I really haven't given nix the language the time it deserves, but I really want nixosr configuration bindings in Python. Yes it makes me want to vomit but I do kind of live and breathe Python these days. Maybe a python nix generator would be more appropriate, either way it would totally destroy the benefits of using nix
I know, I need to spend some time getting familiar with nixpkgs and nixos :P the mix between config file and programming gets me because I expect a config file to have just one way of doing things.
I believe they are still part of a different package. They aren't Wayland native though so they will use a bit more battery life and won't be able to see wayland components
Garuda. I wish the base install of wine actually worked, and that half the packages in chaotic-aur weren't buggy as fuck or just completely non functional.
Debian and Arch, for me, tie as my favorite and honestly can't say I would want to change anything as I need to use the technology more before I can critique it like that.

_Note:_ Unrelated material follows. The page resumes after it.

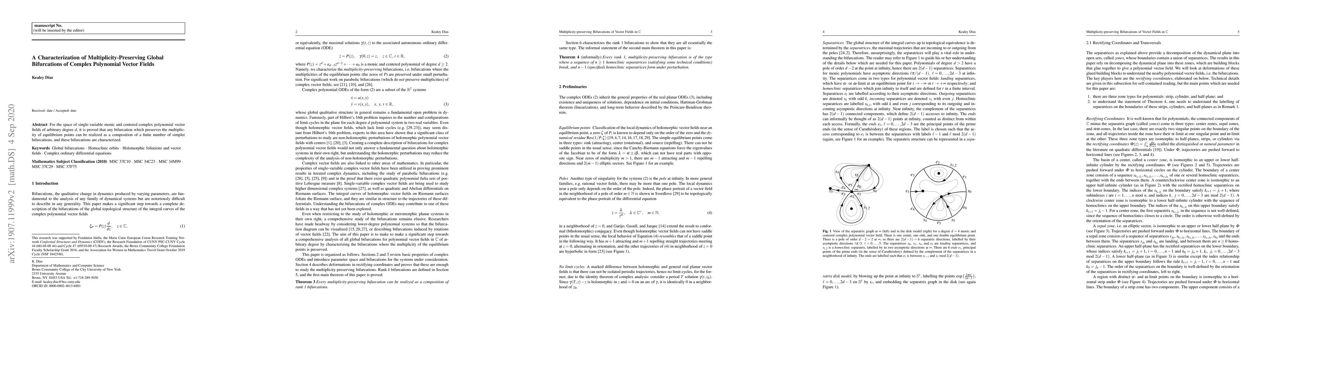 This paper characterizes multiplicity-preserving global bifurcations in complex polynomial vector fields, proving that such bifurcations can be decomposed into a finite composition of simpler bifurcations. The study focuses on single-variable, monic, and centered polynomials of arbitrary degree.

I wish Gentoo would make important information like unmasking packages more easily accessible, like directly into the handbook itself so that I don't have to search how to do it every time I need to unmask a package (I always forget how to).
I also wish alpine Linux had an option to use glibc instead of musl
not made in the US so their images can ship nonfree drivers and codecs
thus they had ARM images for Atomic variants!
flathub instead of fedora flatpaks
KDE first instead of GNOME (GNOME is okay and very nice in many parts, but absurdly lacking in others)
I like the rest. It would be cool if they could adopt musl like Alpine, glibc is a mess and you basically need to compile every software against musl manually to use it on Fedora.
Linux Mint: Add a GUI utility for making Nemo Actions, it's such a useful thing to be able to do. I might just write a little applet myself in Python.
Also, get rid of as much Gnome UX as possible. Get your empty sandwich menus, buttons crammed into the top bar and lack of functionality the fuck out of my computer and put it in the septic tank with the rest of the putrid assgarbage.